There are also micro-trends tied to maintenance. Harlow’s track team re-sands and grades the surface on a regular cycle, and immediately after a fresh surface is laid the going can shift noticeably. I’ve seen bias patterns invert for a single meeting following heavy maintenance before settling back to normal by the next fixture. This is nearly impossible to model in advance, but it is worth noting if results from one meeting look wildly out of line with recent trends — check whether maintenance was scheduled before assuming your data is broken.

Rain on race day is the most visible variable. Heavy pre-meeting rain at Harlow tends to slow the going and push results towards the rail. If the forecast shows persistent rain before an evening meeting, I add a small weight to Trap 1 and Trap 2 in my assessment and reduce the weight on Trap 5 and Trap 6. It is a crude adjustment, but over hundreds of race nights it has nudged my strike rate in the right direction.
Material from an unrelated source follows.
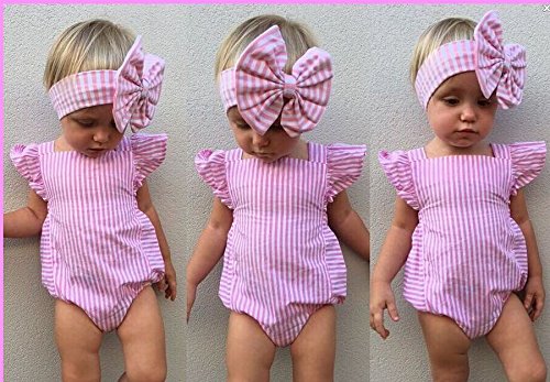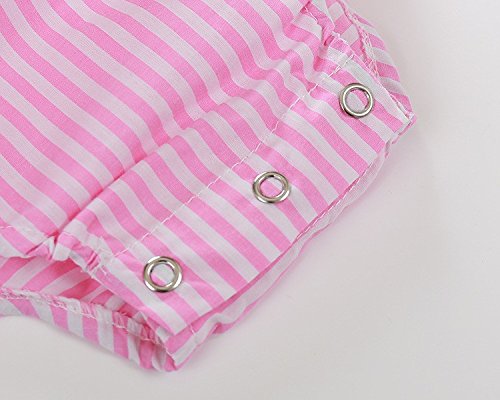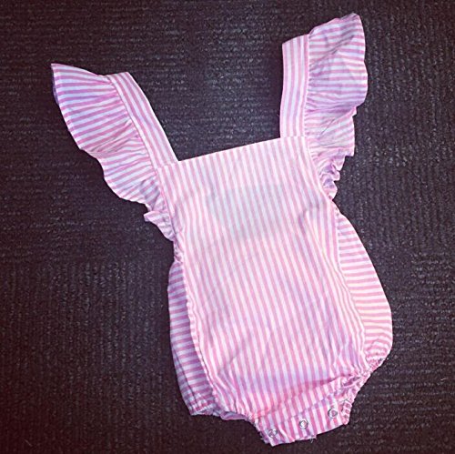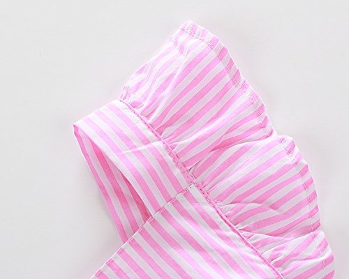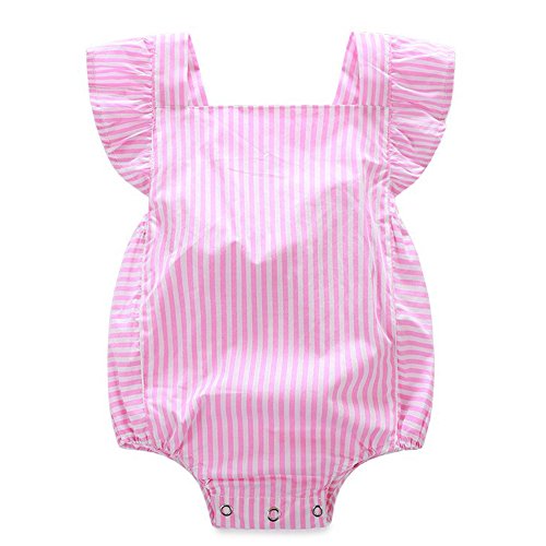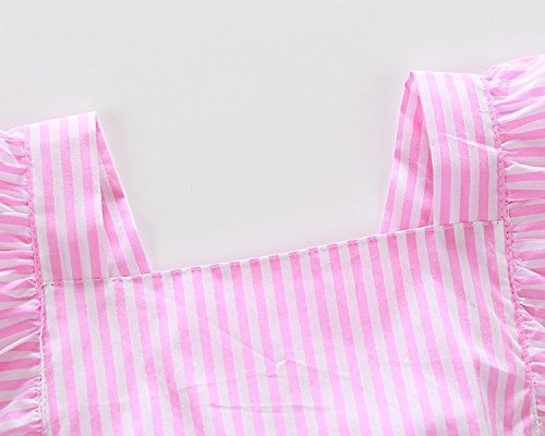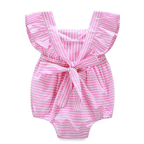 CANIS ベビー 女の子 ロンパース 縦縞 ストライプ 縞模様 ピンク ふわふわ 飛び袖 夏服 無地 可愛い シンプル 0-18ヶ月設定 リボン 蝶結び カバーオール 誕生日 プレゼント (100)

The broader lesson is that trap bias is not a fixed property of the track — it is a dynamic one. Annual figures give you the skeleton, but seasonal and going-dependent adjustments put flesh on the bones. Updating your dataset quarterly and tagging each race with the prevailing going allowance lets you spot these shifts before they become obvious to the wider market.
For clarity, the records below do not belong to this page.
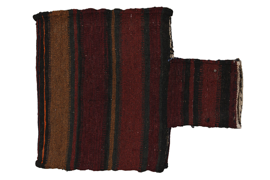 Tapis Saddle Bag: ​​Les sacs pour selle à cheval sont faits par les Nomades pour les utiliser eux-mêmes. Il existe 2 types de sacs :les sacs pour selle-kilim et des sacs pour selle noués. Le coté avant d’un sac est soit noué avec des nœuds (comme un tapis) soit utilise des techniques différentes. Le côté derrière est souvent noué alors que pour le centre du sac des techniques différentes (comme par exemple la technique Soumak) sont appliquées. Les couleurs avec lesquelles les sacs sont teints sont toutes naturelles et faites par les Nomades eux-mêmes. Les voyageurs utilisaient ces sacs pour transporter des denrées quotidiennes à cheval ou à dos d' âne. Il s'agit d'une pièce d’art exceptionnelle qui peut apporter une ambiance orientale unique chez-vous. Ces sacs peuvent être utilisés comme coussins d'assise, comme poufs au sol (par exemple près de la cheminée) ou pour décorer vos murs. De plus ces petits sacs pour selle de cheval peuvent être utilisés pour stocker vos journaux ou vos magazines.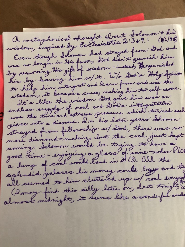 “It’s like the wisdom God gave him was an endless supply of coal, and God’s interpretation was the time and extreme pressure which turned each piece into a diamond. In his later years, Solomon strayed from fellowship with God, there was no more diamond-making, but the coal just kept coming. Solomon would be trying to have a good time – enjoying a glass of wine – when plop! a lump of coal would land in it. All the splendid palaces his money could buy, and they all seemed to him cluttered up with coal everywhere.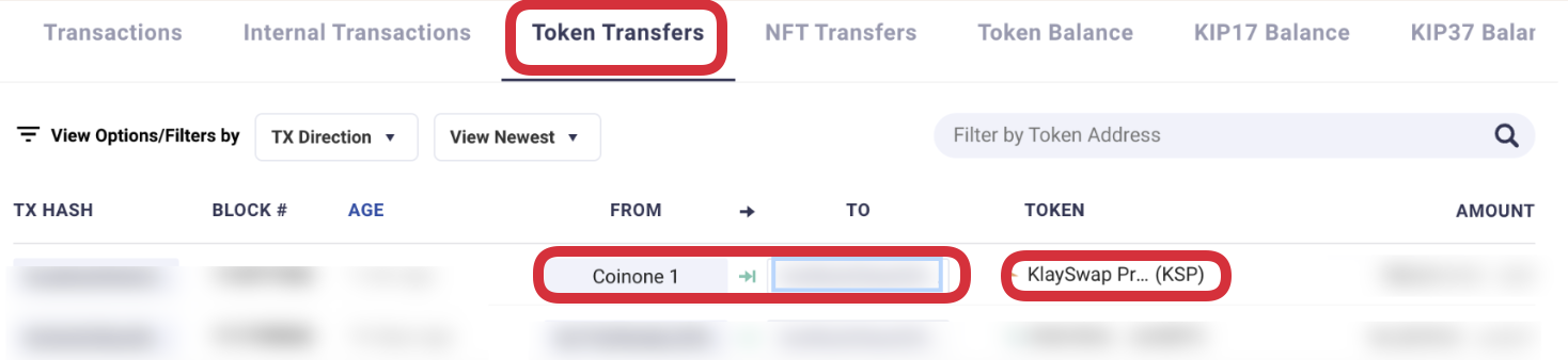그럼 아래와 같이 Token Transfers에서 Coinone1 >> 내지갑주소 로 보내진 ksp를 알 수 있습니다.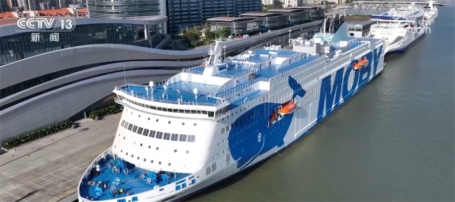 中國(guó)船舶廣船國(guó)際生產(chǎn)管理中心 建造經(jīng)理 王永剛:這艘船就是我們?cè)诮ǖ暮廊A客滾船,這是目前世界上最大的,交付給意大利船東。

Frequently Asked Questions

Does Harlow"s 334-metre circumference favour inside or outside traps?

The relatively wide bends at Harlow mean the inside rail advantage is present but less extreme than at smaller circuits. Trap 1 typically wins at 18-19%, above the 16.67% theoretical baseline, but the wider geometry also gives Trap 6 room to perform — its 21% win rate in 2025 is one of the highest outside-trap figures at any GBGB track. Neither end of the draw dominates overwhelmingly; both carry a measurable edge over the middle boxes.

How often should I update my trap bias data?

I refresh my core Harlow trap dataset every calendar quarter. Seasonal going changes, track maintenance and surface adjustments can shift the bias over periods of weeks, so annual figures alone can mask important trends. Quarterly snapshots give you enough volume for statistical reliability while capturing shifts before they become old news.

Is Trap 6"s 21% win rate at Harlow statistically significant?

Over a large enough sample — at least 200 starts in the period measured — a deviation of five percentage points above the 16.67% baseline is significant by most standard tests. The key is ensuring your sample excludes void races, non-runners and trials, and that you are looking at the correct distance split. The 21% headline figure holds across all distances combined, but it is driven disproportionately by 415-metre races where the geometry most favours the outside runner.

Where the Numbers Point Next

Trap bias at Harlow is not a secret — anyone with a spreadsheet and the patience to log results can reproduce these figures. The edge lies not in knowing the numbers but in knowing when to lean on them and when to set them aside. A 21% win rate for Trap 6 is compelling, but it only becomes profitable when you pair it with the right dog, at the right distance, on the right going, against the right opponents. Strip away any one of those conditions and the number loses its teeth.

I update this data every quarter and cross-reference it against the broader patterns I track across all eighteen remaining GBGB-licensed stadiums. Mark Bird, GBGB’s chief executive, has spoken about the progress embedded in recent welfare and data initiatives across those stadiums — progress that depends, in part, on the same result datasets that form analysts like me use for entirely different purposes. The trends shift — they always do — and the punters who stay ahead are the ones who treat their bias tables as living documents rather than carved-in-stone certainties. If one thing has stayed constant across eleven years of watching greyhounds tear around Harlow, it is that the track rewards preparation and punishes assumptions. The numbers are here. What you do with them is up to you.